We disagree. In Wickliffe I, we did not intend to suggest that the quality of hospital and nursing care available to the public will never differ from one community to the next. Rather, we explained that we will hold hospitals liable, not to their local community standard of care, but to the standard of care available in a competent hospital operating under similar circumstances. We recognize that the circumstances under which our hospitals function may vary significantly. Therefore, Ms. Ravish's testimony did not contradict the law of Wickliffe I.
We note that the district court attempted to resolve possible confusion as to the applicable standard of care via its jury instructions. The trial judge informed the jury that hospitals must employ that degree of skill and care expected of a reasonably competent hospital in the same or similar circumstances. He emphasized that every hospital's level of care must conform to this national standard. Moreover, the district court instructed the jury that nurses must exercise that degree of skill and care possessed by ordinarily careful and skillful nurses at the same time and under similar circumstances. These instructions corresponded to the standards defined in Wickliffe I. Wickliffe, 101 Nev. at 548, 706 P.2d at 1388. Upon remand, we direct the district court to give these same instructions to the jury.

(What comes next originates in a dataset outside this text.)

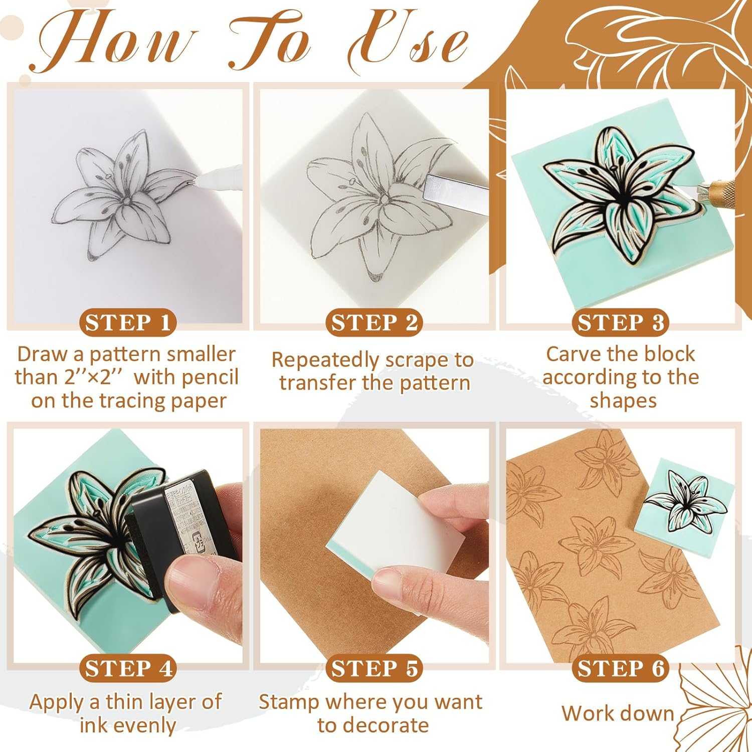 - High Compatibility: the rubber blocks accept transfers from laser printers, ink jet printers and pencil manuscripts, after transferring the patterns, you just need to carve the block according to the shapes

Finally, Wickliffe argues that "whether consciously or unconsciously," the trial court judge undermined plaintiff's case and cannot fairly deal with the matters involved. Therefore, she argues that we should remand the case to a different court for any further proceedings. We agree, and direct that on remand, the case shall be assigned to a different district court judge. Nev. Const. art. 6, § 19(1).
In light of our disposition, we need not reach appellant's remaining contentions. Accordingly, we reverse the district court's judgment and remand the case for a new trial.
THE HONORABLE E.M. GUNDERSON, Chief Justice, did not participate in the decision of this appeal.